Rosada Granados also discussed the role of chief military commissioners. They served as military intelligence agents, exercising supervision and control over other military commissioners, supervising a network of collaborators and informants, and exercising authority over the civil defense patrols (PACs). They also oversaw the transfer of detainees to other military bases, and the work of women at the military base. The military commissioners and the soldiers “had hunger” for the women, he stated. They were told that they had control over the women, who they referred to as “available meat” (“carne disponible”) and that they should “have fun.”

Defense counsel Ismael García asked who was in charge at Sepur Zarco. Rosada Granados said he did not know, “Only the minister of defense could tell us who the commanding officers were.” (In 1981-82 that would have been Benedicto Lucas García; after March 1982 it was Efraín Ríos Montt.) He asked if there was a guerrilla presence in Sepur Zarco.
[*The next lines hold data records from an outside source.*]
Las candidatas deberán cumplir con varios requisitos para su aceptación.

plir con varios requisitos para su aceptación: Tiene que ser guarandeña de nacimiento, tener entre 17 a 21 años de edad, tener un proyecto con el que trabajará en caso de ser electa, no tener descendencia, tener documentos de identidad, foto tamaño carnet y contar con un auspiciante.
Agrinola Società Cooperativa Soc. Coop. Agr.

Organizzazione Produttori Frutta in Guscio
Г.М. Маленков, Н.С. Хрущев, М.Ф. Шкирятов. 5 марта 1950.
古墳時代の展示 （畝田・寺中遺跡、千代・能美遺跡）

Rosada Granados stated that the area was not registered as a conflict zone, and there was no guerrilla presence in the area. Defense counsel Fidencia Orozco asked why, if there was no insurgent presence, was there a military base in Sepur Zarco? The expert responded that the location of any military base was to provide support in whatever was necessary for larger military operations; they were not placed in response to insurgent presence. They were placed to anticipate and in some ways prevent insurgent incursions. They are instrument of prevention, and to establish territorial control. The judges disallowed several other questions for being outside the witness’s scope of expertise.

The day ended with two prerecorded testimonies given by victims in 2012, María Ba and Manuela Ba.
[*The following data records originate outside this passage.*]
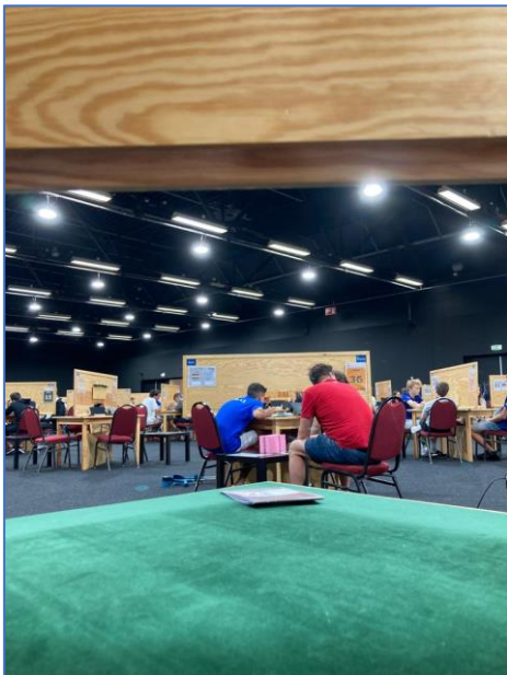
Sala de juego grande
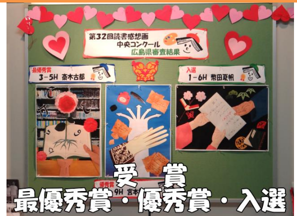
受賞 最優秀賞・優秀賞・入選
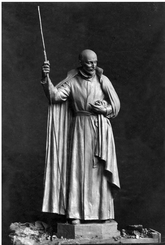
Figura 6. San Ignacio abanderado. Modelo definitivo en barro. 1922.
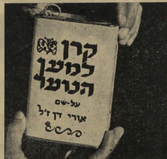
שלב שלישי. אותה גברת בשינוי אדרת. כדי שלא ירננו כי אני שואל קופסאותי מחברת קקאו עספונה בעטיפה מהודרת.
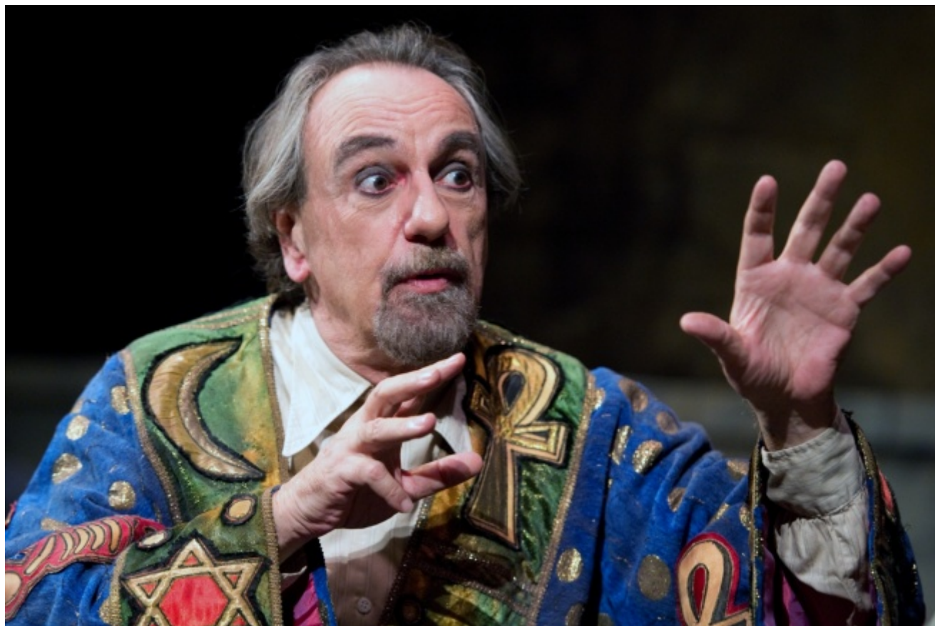
La grande magia, 2012-13.

Maria Ba said that soldiers dressed in army fatigues surrounded her house and took her husband away early one morning in 1982. She said they took him and her two sons, Santiago and Pedro Cac Ba, to Tinajas military base. They took them along with several others, around 18 men, including Francisco Chun. The military commissioner was Juan San, she said; San had pointed out the homes of the leaders and the individuals to be taken away by soldiers. (San is not among the accused in the current case).  Ba said that the soldiers burned down her house and her belongings, including her clothes, and took her to the Sepur Zarco military base, where she was forced to stay for six months to cook and wash the soldiers’ clothes. She stated that the military commissioner Juan San forced her to go to the military base. She feared that they were going to kill her and her remaining six children. During this period, she was raped repeatedly and suffered a miscarriage. “They raped me,” she said. “I was crying. I could not think of anything. They hit me with a gun, threw me on the bed, pointing the gun on my chest.” Ba said she recalled the names of two other military commissioners: Andres Caal and Miguel Angel (also not among the accused in this case).

The second victim, Manuela Ba, provided a similar account of the facts. Her husband was one of the community leaders organizing to recover the community’s lands. He was detained by soldiers on April 25, 1982 and has been missing ever since. She accused a soldier, Marcelino Caal, of raping her. (He is not among the accused in the case.) Ba stated that Military Commissioner Andrés Caal forced her to participate in civil defense patrols. She said that she worked for more than six years cooking and washing the soldiers’ clothes.

“Every time I would go to the military base Marcelino would rape me, and others would crowd around to watch,” she said. The soldiers would say to her in Q’eqchi’: “No one is going to ask about you. You are going to stay right here forever.”

She also says that when she and the other women would go to the river to wash the clothes, other soldiers would rape them. She testified that she received a monthly injection to prevent pregnancy and saw how other women in the military base received these injections.

Jo-Marie Burt is an associate professor of political science and director of Latin American Studies at George Mason University. She is also a Senior Fellow at the Washington Office on Latin America (WOLA). Paulo Estrada contributed to the research and writing of this post.